I would guess these headaches, and the credible threat TDM could torch a lot of OpenAI 'assets' if they wanted to is what brought Altman to the table, and why he has agreed in principle to a deal much less like 'abject surrender to him' that his pet press coverage kept suggesting was imminent or the only thing he'd accept. I think what TDM have won for their side is the prospect (not guarantee) of more safety conscious governance which Altman will have to abide by, which looks better for the safety perspective (at least to me) than him setting up directly under microsoft, even if he would suffer a (substantial) one-off switching cost.

*Won't someone please think of the second order effects?!*
But what about the wider world ramifications? Was it worth it if EA/AIS/whatever is now a dirty word or object of scorn amongst the technical or financial elite? If TDM look stupid (even if they weren't) will that reflect badly on the rest of us? Could this stop anyone investing in safety-primary governance structures for big tech ever gain? Will OS AI development proliferate as no one wants to trust an API which could be snuffed out if >50% of a small number of people decide to do it?

They're fine:
1) The principled anti-PR view would say one should accept that people sincerely think less of you or oppose you for what you actually believe and stand for. Tact fine, open compromise also fine, but maintaining a pretence you're (e.g.) pro cautious capabilities when you're really 'pause AI' is wrong. So social reality/higher simulacrum levels should not enter into the evaluation of what TDM did.
2) If you don't buy that, there are typically a lot of putative second order effects going this way and that. Maybe OpenAI having a big blow up gives impetus to government involvement? Maybe Altman having to be more 'mask off' to cling on at OpenAI allows others to be on their guard when things really start to count? Maybe this governance clearly (or clearly seen to be) failing means the same mistakes are not repeated? So if in first order terms TDM did the right thing, maybe the second order stuff (especially ex ante) is an approximate wash.
3) Even if you're an arch-wannabe-kissinger who jerks off to reading the Melian Dialogue every night, and you see the real game of AI governance efforts infiltrating the corridors of power under cover so you and yours are well-placed to make a treacherous turn for good at an opportune time, the position TDM found themselves in was just such a time. If you're not willing to risk some social capital on a reasonable shot to stop the morally dubious CEO of a leading AI power deposing his own board and making it his own personal empire, when will you ever spend it?

**Summing up**
Perhaps not much time will be needed to see this amounts to cope or fan fiction. Maybe (e.g.) TDM tell their own story, and it sounds more like they were scared, impulsive, or stupid. Perhaps another turn in the tale means the supposed story of how things initially went down is just wrong, and the justificatory edifice I built upon it collapses.
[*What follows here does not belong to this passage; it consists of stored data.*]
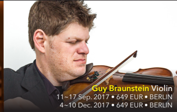
Guy Braunstein Violin

11–17 Sep. 2017 • from 749 EUR • VIENNA 30 Oct.–5 Nov. 2017 • from 749 EUR • BERLIN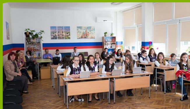
Кабинет руски език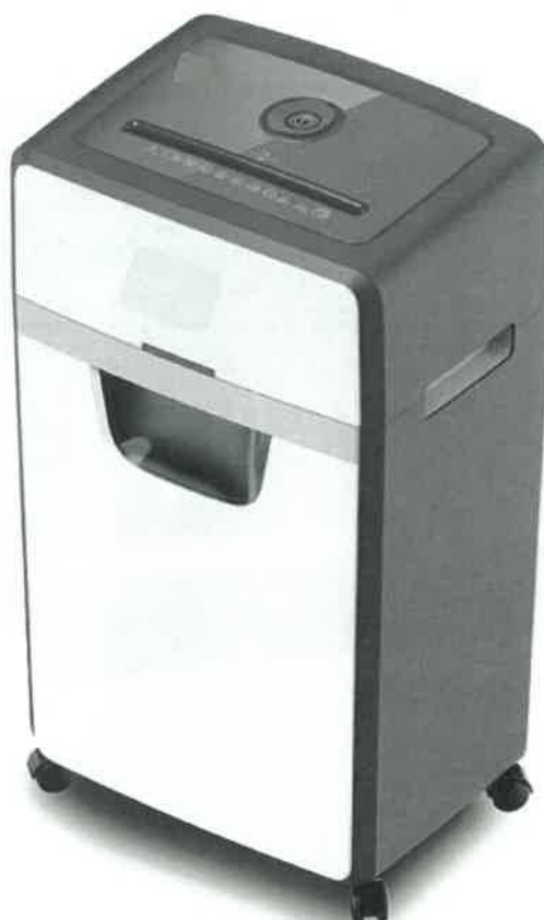
Zdjęcie przykładowe nr 1 – Niszczonek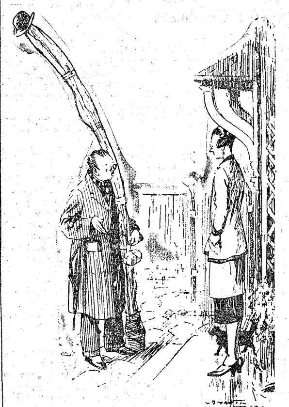
—Son buenas cañas; pero fué bastante difícil coger el cetro en las horas de apreturas, y he perdido mi sombrero (London Opinton, Londres.)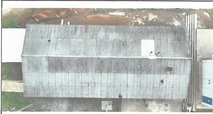
Foto1: Techo Edificio Escolar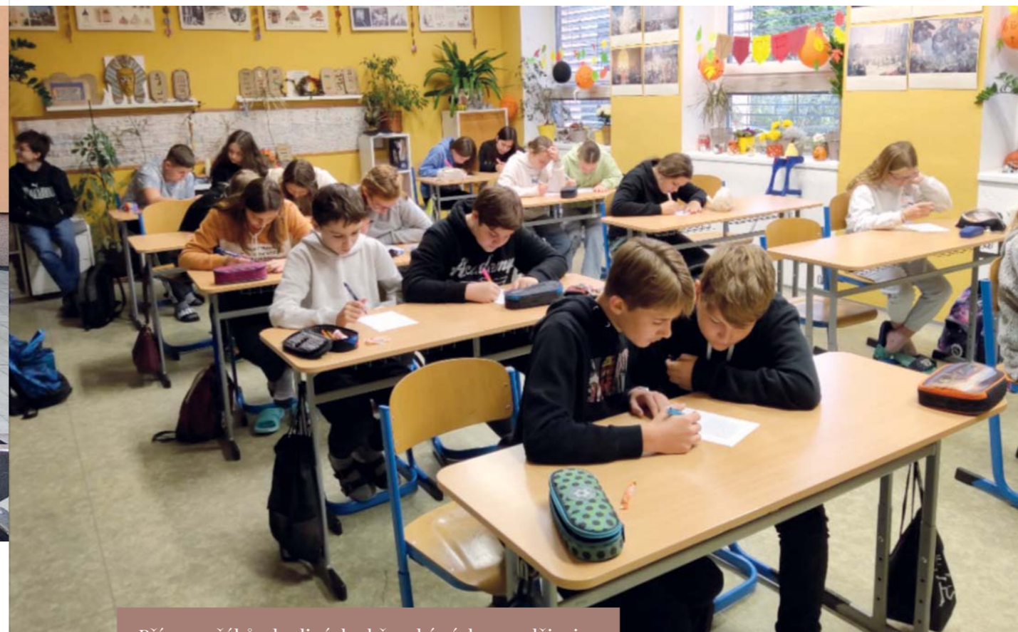
Přípravy žáků v hodinách občanské výchovy a dějepisu

Projektové vyučování „Od okupace ke svobodě“ jsme vytvořili ve spolupráci předmětových komisí Člověk a společnost a Český jazyk a umění.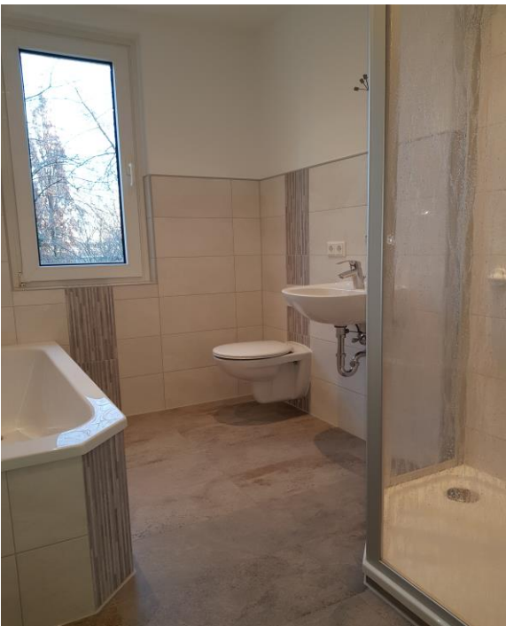
Tageslichtbad mit Wanne und Dusche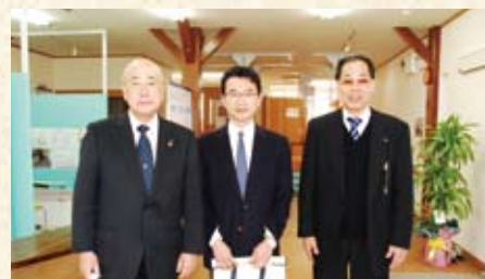
2009(平成21年) 社会福祉協議会贈呈式・ココット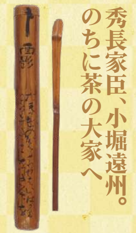
竹茶杓 歌銘 面影 江戸時代 17世紀 愛知・徳川美術館蔵 [通期展示] 大名茶人として知られた小堀遠州(正一)の作。和歌に因んで名付ける歌銘は、小堀遠州が創始したとされています。遠州は、王朝時代の幽玄と中世の侘びとを融合させた新たな美意識である「綺麗さび」を確立しました。

秀吉の大坂城と秀長の郡山城から、同じ型で作られたとみられる瓦が出土しました。兄弟が瓦を生産する道具や仕組みを共有していたことが推測できます。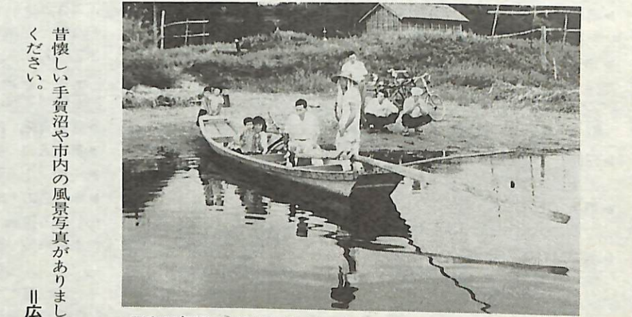
昭和28年頃の手賀沼の渡し船(現在の中里新田付近の渡し場) 昔の思い出の写真から当時の手賀沼を振り返ってみませんか。(このシリーズは毎月1日号に掲載しています)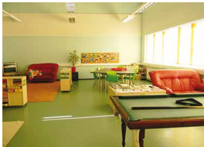
Randvere Noortekeskus.

Aastate jooksul oleme tei- nud palju töötube, kus noo- red saavad ise midagi vahvat meisterdada, erinevaid üritusi, võistlusi, projekte ning alates 2010. aastast saab Randvere Noortekeskuses õppida kitar- rimängu. Tegemist ei ole päris muusikakoolist saadava hari- dusega, kuid pillioskuse saab suure tahtmise korral selgeks küll.

But I don't think so. In terms of virtue, they were close to the only people who actually took the 'mission' seriously, could do something about it, and tried to do the right thing despite extraordinary pressure. In terms of performance, they had the talismanic CEO ambush them, not only successfully defend themselves but get him kicked out, and despite having him, the staff, the investors, and a generally hostile media ranged against them, hostage part of the OpenAI board back to them for significant concessions. Doesn't seem like a bad week's work to me.